Né dans le Londres de la fin des années 1950, le mouvement Mod (pour Modernist) est bien plus qu’un courant de mode ou un style musical. C’est une culture urbaine qui a bouleversé la jeunesse britannique des années 60, en s'imposant comme un art de vivre à part entière, entre élégance raffinée, goût pour la modernité, et rébellion feutrée. Les premiers Mods sont issus de la classe ouvrière et moyenne. Ils rejettent les valeurs conservatrices de l’après-guerre, et veulent à tout prix se démarquer de la génération de leurs parents mais aussi des Teddy Boys, figures rock'n'roll plus brutes et rétro. Les Mods adoptent une posture plus urbaine, esthétique et intellectuelle, où chaque détail compte.
L’image est capitale pour les Mods. Leur style vestimentaire, directement inspiré de l’élégance italienne et française, se caractérise par des costumes cintrés, des chemises impeccables, des chaussures en cuir brillant, et des marques cultes comme Fred Perry, Ben Sherman ou Crombie. Le parka militaire M-51 devient leur signature, porté pour protéger leur look sur leurs scooters, car oui, l’allure passe aussi par la monture. Les Mods se déplacent exclusivement en Vespa ou Lambretta, symboles de liberté et de style. Ces scooters sont customisés à l’extrême : rétroviseurs multiples, chromes brillants, phares en série... C’est une façon d’affirmer leur identité moderne, et de rouler différemment du reste de la société. Lors du week-end de Pâques 1964 à Brighton, une bagarre mémorable, de centaines de Mods et de Rockers ont eut lieu, opposant ces deux jeunesses que tout semble séparer. Cette "bataille" spectaculaire, relayée par les journaux, a donné au mouvement une image de jeunesse incontrôlable. Pourtant, la plupart des jeunes présents ne faisaient que danser, boire et rouler, quelques bagarres ont suffi à créer la légende.
Musicalement, les Mods sont d’abord attirés par le jazz moderne, puis par le rhythm and blues, la soul, le ska jamaïcain, la musique Motown. Rapidement, le rock britannique s’en empare. Des groupes comme The Who, The Small Faces, The Kinks ou The Action deviennent les héros de cette génération, souvent très jeunes, dansante et hyper stylée. Les Mods avaient un goût très pointu pour la musique. Certains allaient jusqu’à importer des 45 tours de soul américaine inconnus en Europe, qu’ils passaient ensuite dans les clubs. Leur exigence a posé les bases de ce qu’on appelle aujourd’hui le digging qui est la recherche obsessionnelle de pépites musicales rares. Dans les années 60, la BBC ne diffusait presque pas les morceaux préférés des Mods, jugés trop "ethniques" ou "populaires". Résultat, les Mods se sont tournés vers des radios pirates comme Radio Caroline, qui diffusaient depuis des bateaux en mer, hors des eaux territoriales. Une vraie guerre de fréquences, menée pour la musique !
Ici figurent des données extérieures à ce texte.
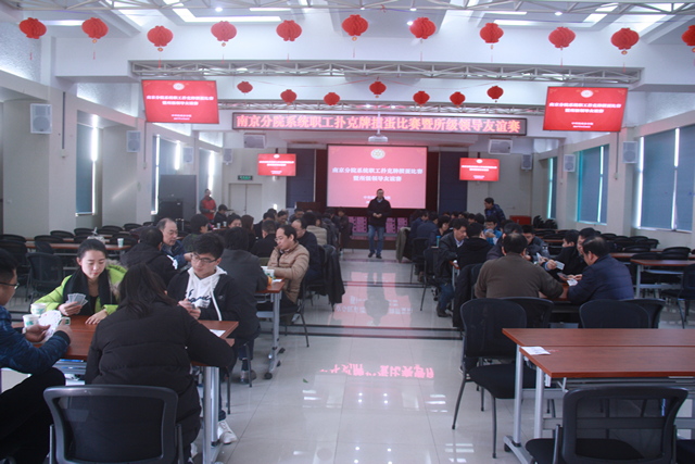 为进一步繁荣职工文化生活,加强分院系统内各单位之间的交流,1月14日,中国科学院南京分院体协举办了系统职工扑克牌掼蛋比赛暨所领导友谊赛。分院系统9家单位派出了40多名选手参赛。南京分院分党组书记、分院体育协会主席朱怀诚为本次比赛揭幕并参加友谊赛。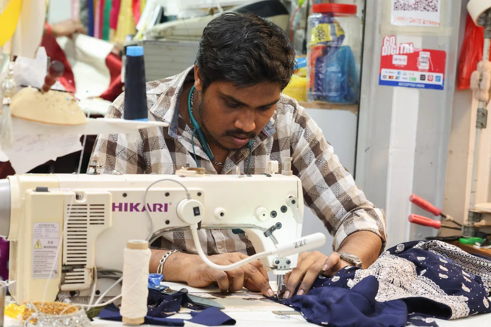 லிட்டில் இந்தியா சந்தையில் தையலில் ஈடுபடும் தையல்காரர். - படம்: த.கவி

Être Mod, c’est adopter une attitude hédoniste, exigeante, soignée, sans pour autant tomber dans la délinquance. Les Mods aiment la nuit, les clubs, les virées en scooter, les disquaires, les cafés chics, et les sons venus d’ailleurs. C’est une contre-culture chic, exigeante, souvent passionnée de modernité et d’esthétique. Un vrai Mod pouvait passer plus de 30 minutes à cirer ses chaussures avant de sortir. Pourquoi ? Parce que l’image que tu projetais, des pieds à la tête, définissait ton rang social dans le groupe. Des chaussures mal entretenues ? Tu risquais d’être considéré comme un "wannabe" ou un amateur. Certains Mods, obsédés par l’élégance, emportaient deux chemises pour une soirée : une pour danser, une propre pour rentrer. D'autres faisaient repasser leurs jeans après chaque port, pour qu’ils gardent la pliure parfaite. Être Mod, c’était une discipline quotidienne, pas juste une pose.
Le mouvement connaîtra un revival dans les années 70-80 avec The Jam et Paul Weller comme figures de proue.
Le film "Quadrophenia" (1979), inspiré par l’album des Who, est sans doute le plus bel hommage à cette culture. Depuis, le style Mod a influencé des générations de stylistes, musiciens et artistes. Il plane encore aujourd’hui dans certains courants de la pop britannique, du streetwear rétro ou des scooters clubs passionnés.